# 5/4 x 6 or 8 white cedar?



## startingfromscratch (Aug 29, 2009)

This wife wants to make some raised beds (probably two 3×5) in the back yard.

Looking at some catalogues…premade kits are pricey and they look pretty simple. Catch is, I need 5/4 cedar boards. I'm in the Baltimore, MD area. Our big boxes don't carry it and I've called a couple lumber yards and they don't either.

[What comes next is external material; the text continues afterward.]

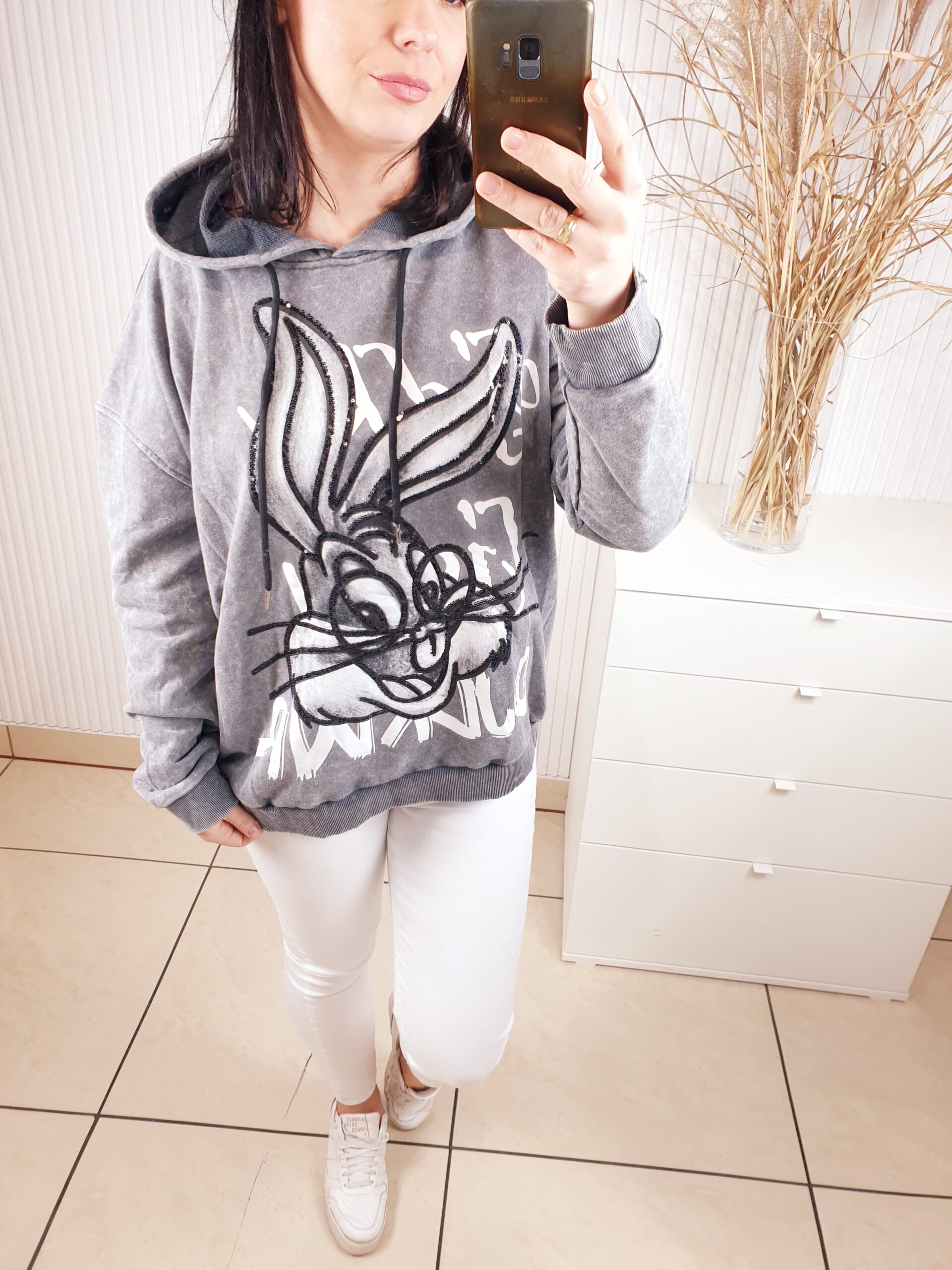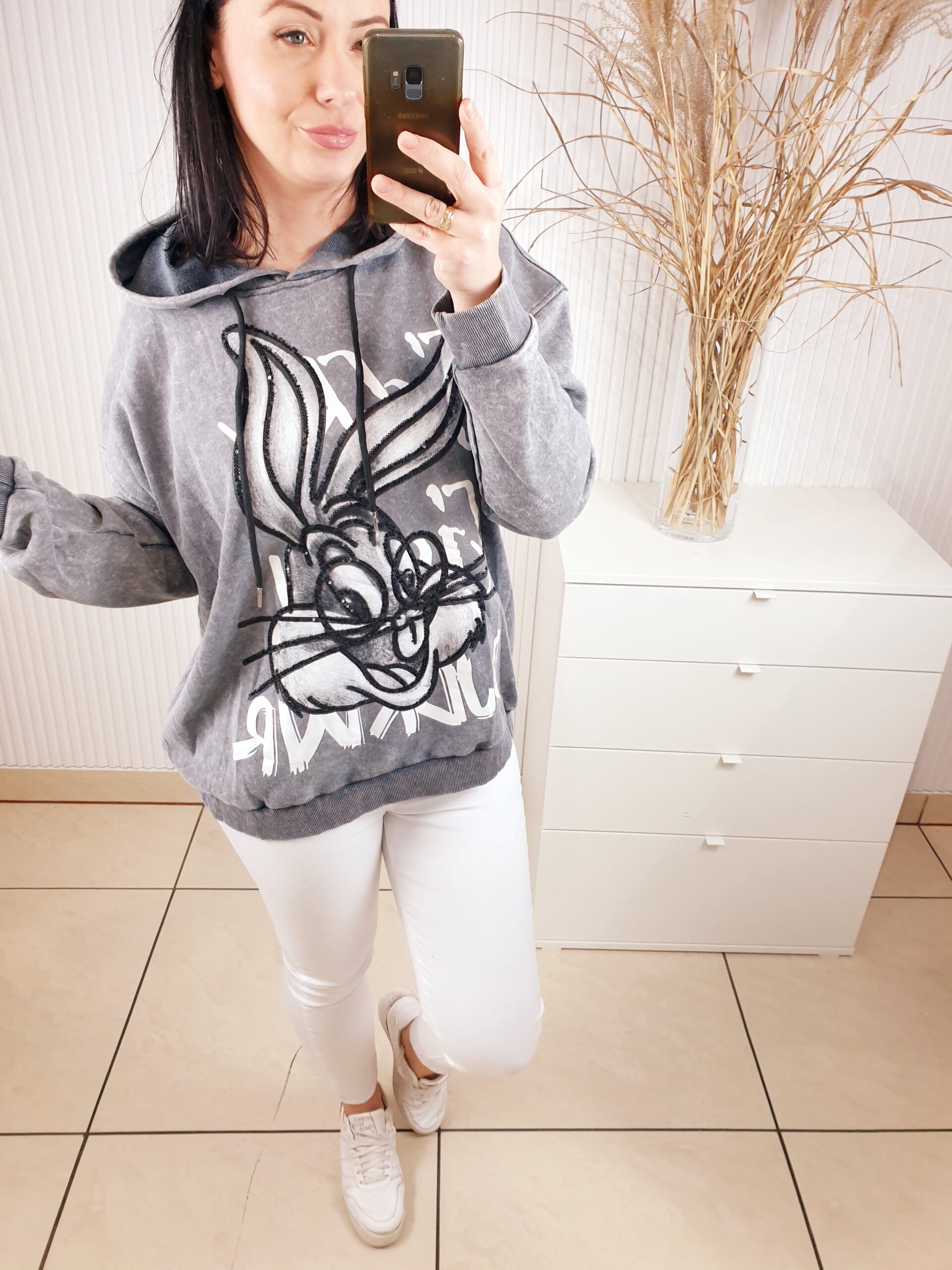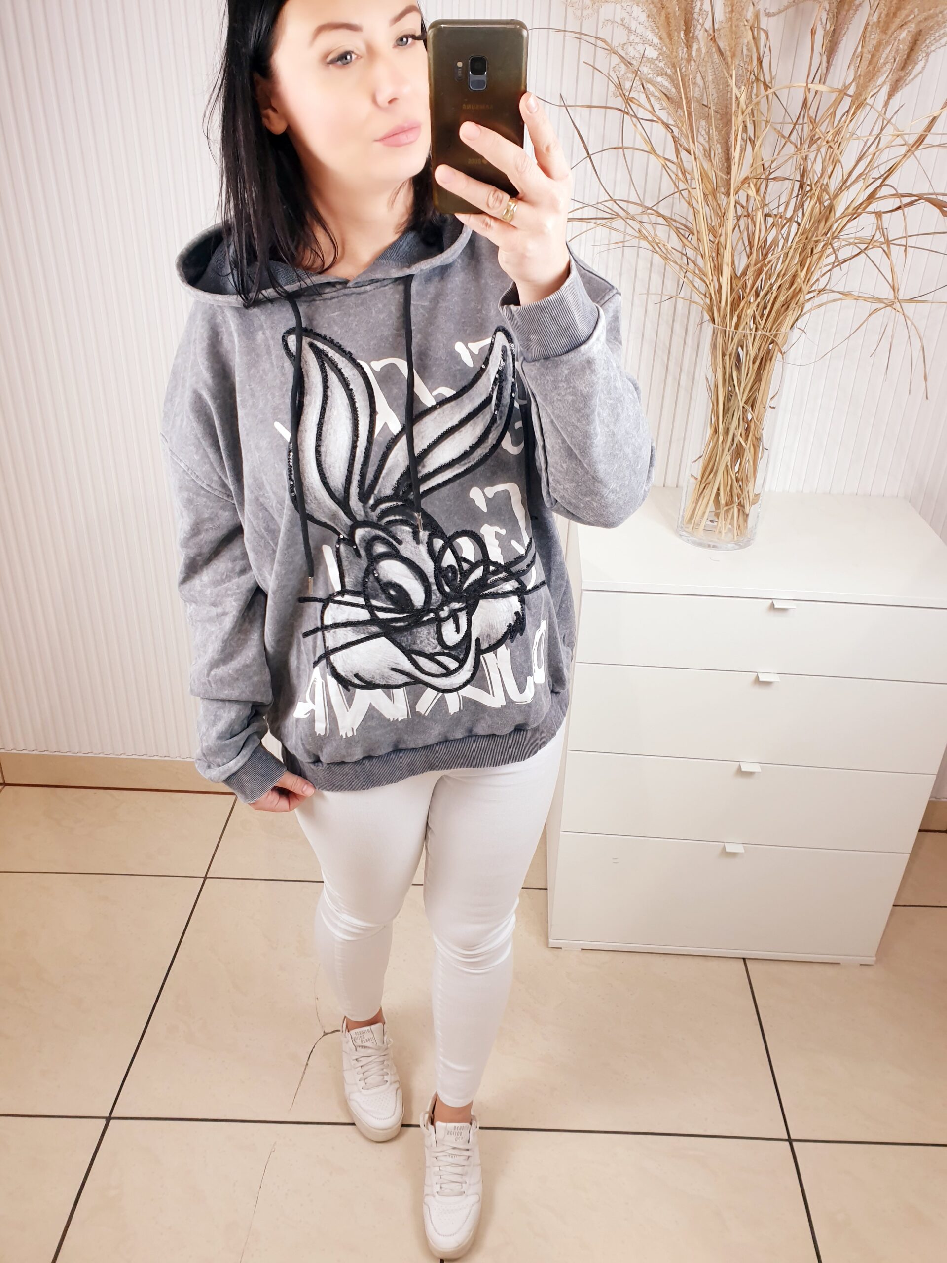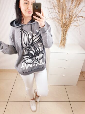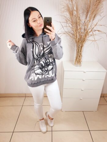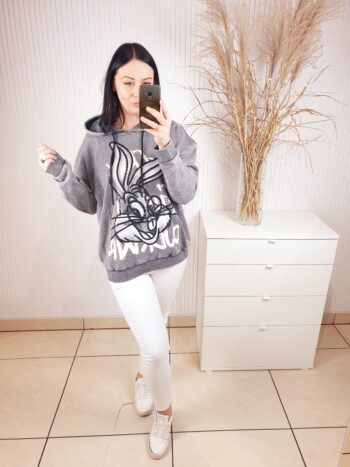 Bluza z kapturem wykonana z dekatyzowanego materiału. Posiada błyszczącą aplikację na przodzie- królika. Bardzo wygodna i komfortowa w noszeniu, a jednocześnie oryginalna i nietuzinkowa.

Is 5/4 by 6 or 8 cedar something I'm likely to find at a general lumber yard if I keep calling around?

Many thanks!


----------



## junebug (Oct 26, 2011)

Home Depot sells 5/4x6 cedar decking. It has radiused edges, but should work for a planter


----------



## startingfromscratch (Aug 29, 2009)

Thanks Junbug, do you know if it's treated with anything?


----------



## WDHLT15 (Aug 15, 2011)

Check your local Craigslist. Sawyers like me sell lumber, and I bet that there is some Eastern Red Cedar that you can get for a good price. It has good rot resistance. Atlantic White Cedar is very hard to find anymore, anywhere. The cedar in the Big Box Stores is Western Red Cedar.


----------



## JCantin (Jan 21, 2009)

I work in the environmental field and wouldn't hesitate to use PT pine from Home Depot. The industry phased out CCA as a treatment in 2003 and the replacements (Alkaline Copper Quaternary - ACQ, Copper Azole - CA, and, the newest type, Micronized Copper Quaternary - MCQ) are not a human health risk. My raised beds are made up of 3 rows of 6×6 PT posts. Just like building a wall, bury the first row half below grade on a sand bed, nice and level. Alternate the corner butt joints. Pin each row down using 1/2" rebar. Drill through with a loing 1/2 spade bit, oversizing the holes by wiggling the bit as you drill. Pound the rebar in with a sledge. On each side try to get one full length of rebar through all rows and into the ground below. Deeper beds like this provide better drainage and are much easier to weed and maintain because of their height. Fill with soil and compost and till in some fresh compost every year.


----------



## affyx (Jan 1, 2008)

JCantin, can you post your raised beds as a project? Sounds great and would like to see pics. Thanks!


----------



## eric122 (Feb 27, 2010)

you can try advantage lumber in buffalo ny they have a online store tiger wood is a good choice you can order online and they ship right to you used them many times great lumber and service talke a look at my projects i used tiger wood in


----------



## LeeBarker (Aug 6, 2010)

TJIs work slick for raised beds. It's a significantly different look, but they can be real affordable at places like Habitat ReStores.

Kindly,

Lee


----------



## WDHLT15 (Aug 15, 2011)

These are the kind of folks that you need to look for on Craigslist.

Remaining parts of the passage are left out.